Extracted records
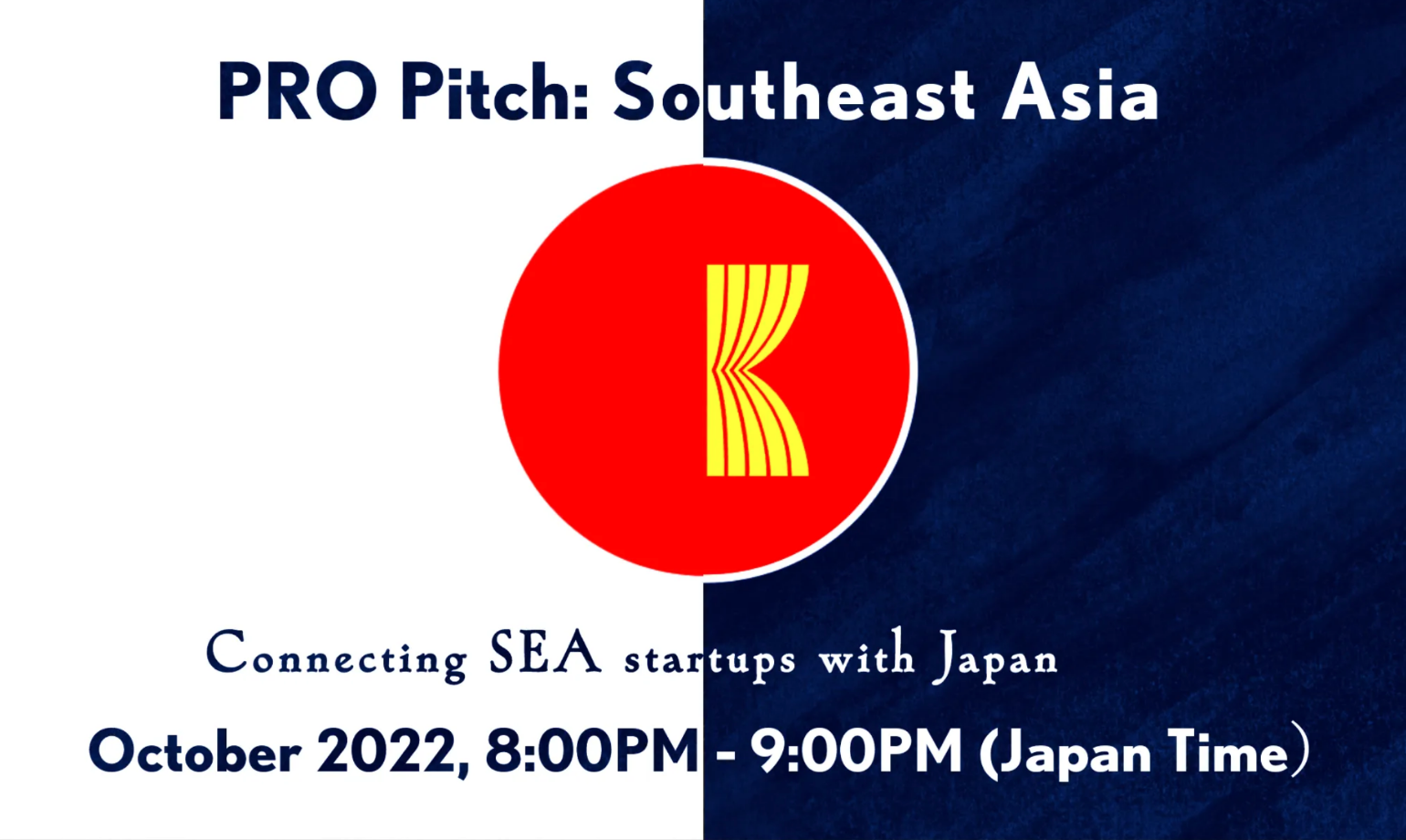PRO Pitch: Southeast Asia will be held on October 4, 2022, 8:00PM-9:00PM (Japan Time) via Zoom with 5 mins Pitch & 5 mins Q&A
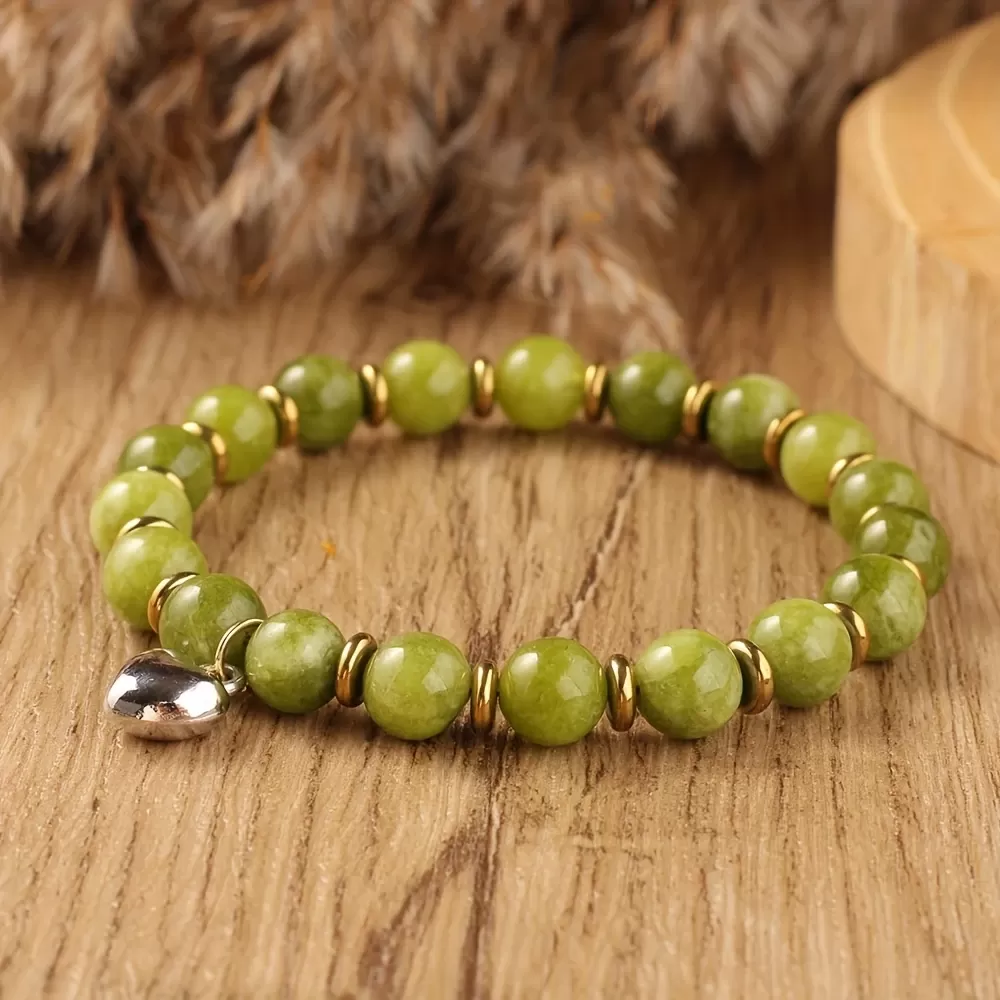 Zapestnica Spuščanja Bolečin je ustvarjena kot nežna opora srcu in duši, ki nosita preveč. Naravni zeleni žad je že tisočletja poznan kot kristal zdravljenja, sprostitve in čustvene modrosti. Njegova mehka zelena energija deluje pomirjujoče, raztaplja napetosti in pomaga osvoboditi bremena, ki jih nosimo v sebi – pa naj bodo to stare rane, skrbi ali potlačena čustva.
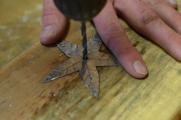 Nota: Perdón por posando sin equipo de seguridad apropiado en estas fotos pero por favor, recuerde usar guantes cuando corte los pétalos y ajustar la pieza al perforar el agujero en el centro de ellos.
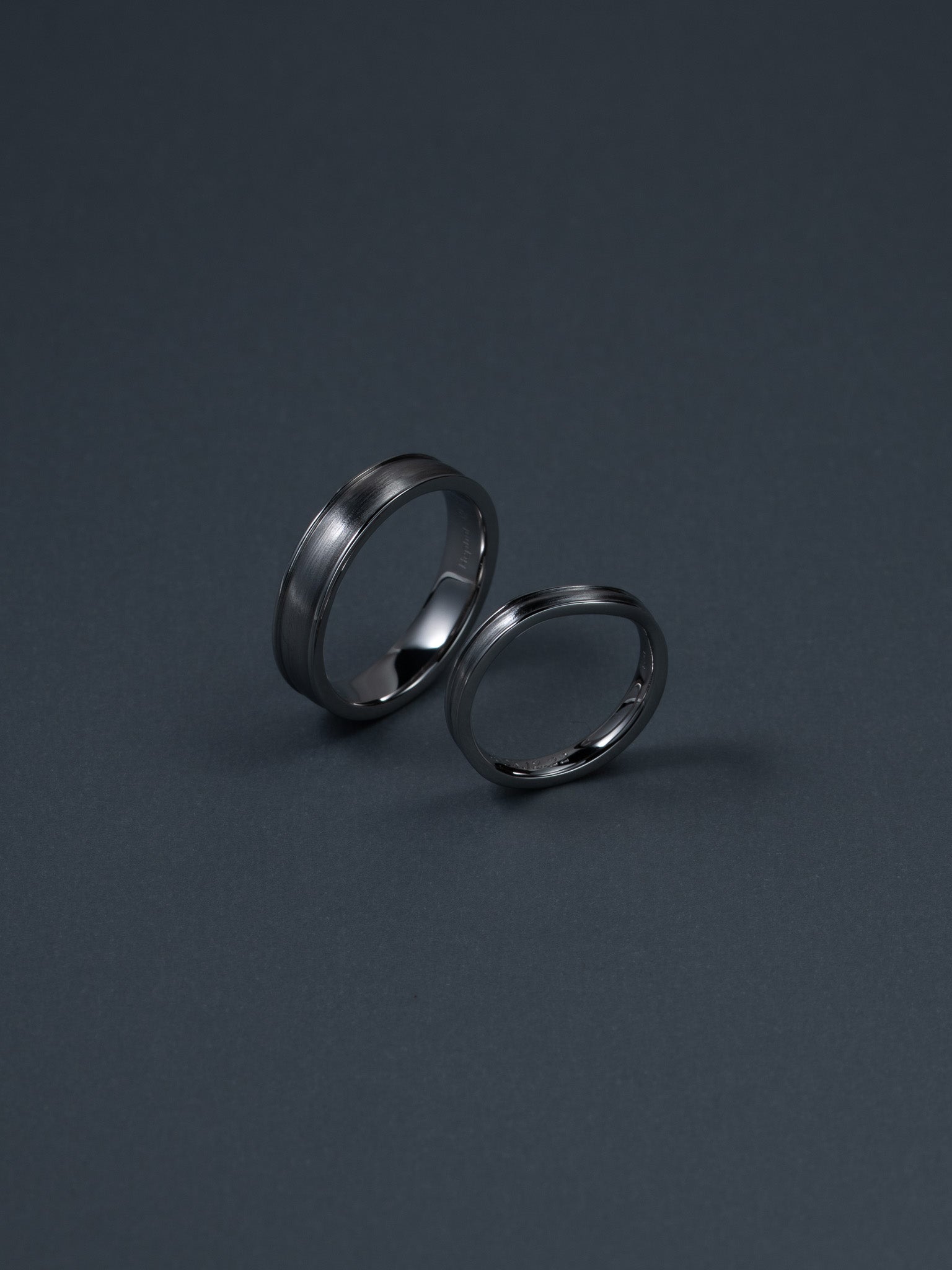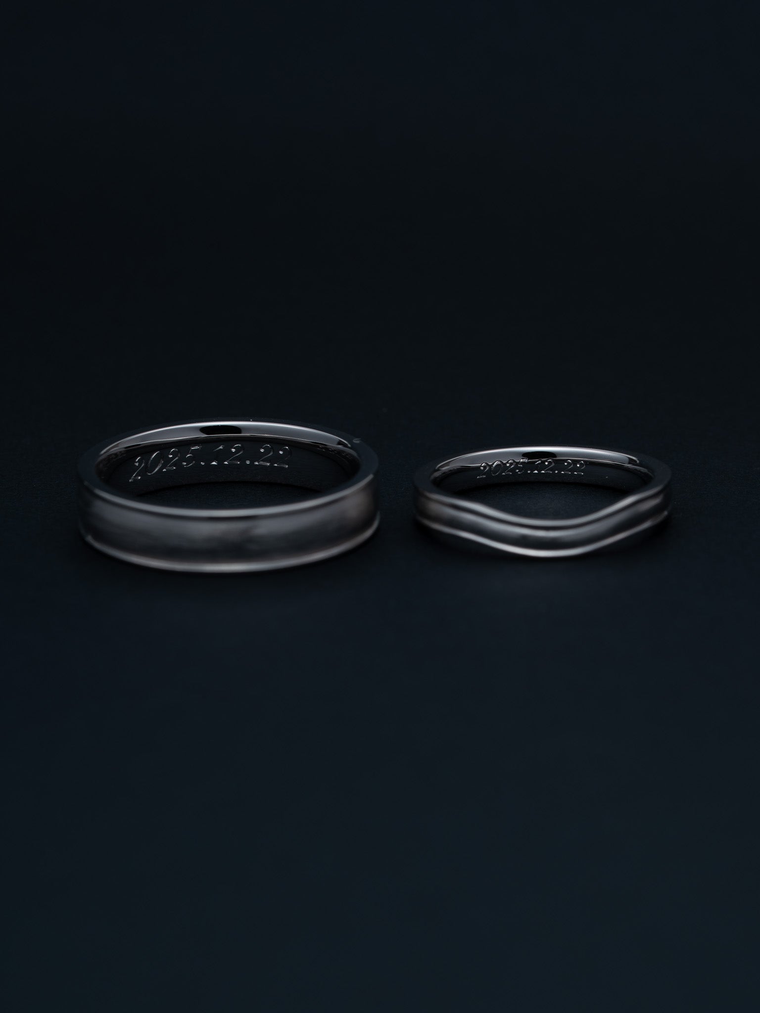 人生の節目にお選びいただいたLine Ling基本のデザインは同じまま 幅と厚みの違いによってそれぞれの手に自然に馴染むよう仕立てたプラチナのリングですリングの内側には手彫りでお二人の大切な日を刻んでいます過度な装飾を施さず日常の中で無理なく使い続けられる穏やかな存在感を大切にしたリングですMaterial:Pt950
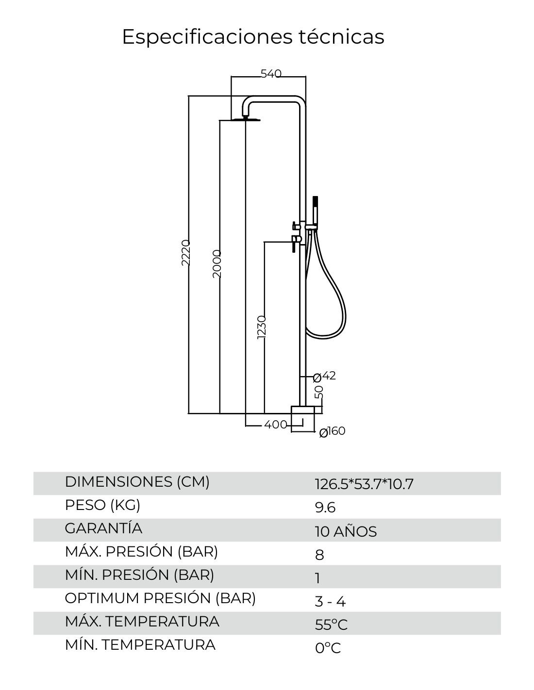 - Conexión mediante latiguillos a suelo con pedestal en acero inoxidable S.316 (incluidos).
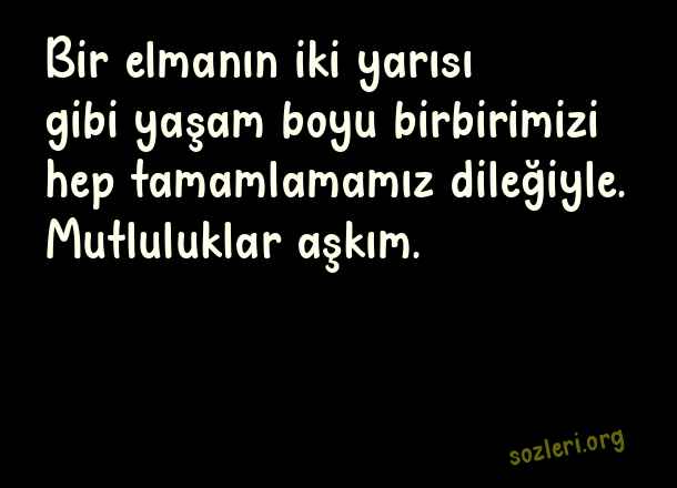 Bir elmanın iki yarısı gibi yaşam boyu birbirimizi hep tamamlamamız dileğiyle. Mutluluklar aşkım. ( Evlilik Yıldönümü )

- _Task requirements_
Could all the data above be given again exactly, leaving out its images?

- _Final answer_
PRO Pitch: Southeast Asia will be held on October 4, 2022, 8:00PM-9:00PM (Japan Time) via Zoom with 5 mins Pitch & 5 mins Q&A
 Zapestnica Spuščanja Bolečin je ustvarjena kot nežna opora srcu in duši, ki nosita preveč. Naravni zeleni žad je že tisočletja poznan kot kristal zdravljenja, sprostitve in čustvene modrosti. Njegova mehka zelena energija deluje pomirjujoče, raztaplja napetosti in pomaga osvoboditi bremena, ki jih nosimo v sebi – pa naj bodo to stare rane, skrbi ali potlačena čustva.
 Nota: Perdón por posando sin equipo de seguridad apropiado en estas fotos pero por favor, recuerde usar guantes cuando corte los pétalos y ajustar la pieza al perforar el agujero en el centro de ellos.
 人生の節目にお選びいただいたLine Ling基本のデザインは同じまま 幅と厚みの違いによってそれぞれの手に自然に馴染むよう仕立てたプラチナのリングですリングの内側には手彫りでお二人の大切な日を刻んでいます過度な装飾を施さず日常の中で無理なく使い続けられる穏やかな存在感を大切にしたリングですMaterial:Pt950
 - Conexión mediante latiguillos a suelo con pedestal en acero inoxidable S.316 (incluidos).
 Bir elmanın iki yarısı gibi yaşam boyu birbirimizi hep tamamlamamız dileğiyle. Mutluluklar aşkım. ( Evlilik Yıldönümü )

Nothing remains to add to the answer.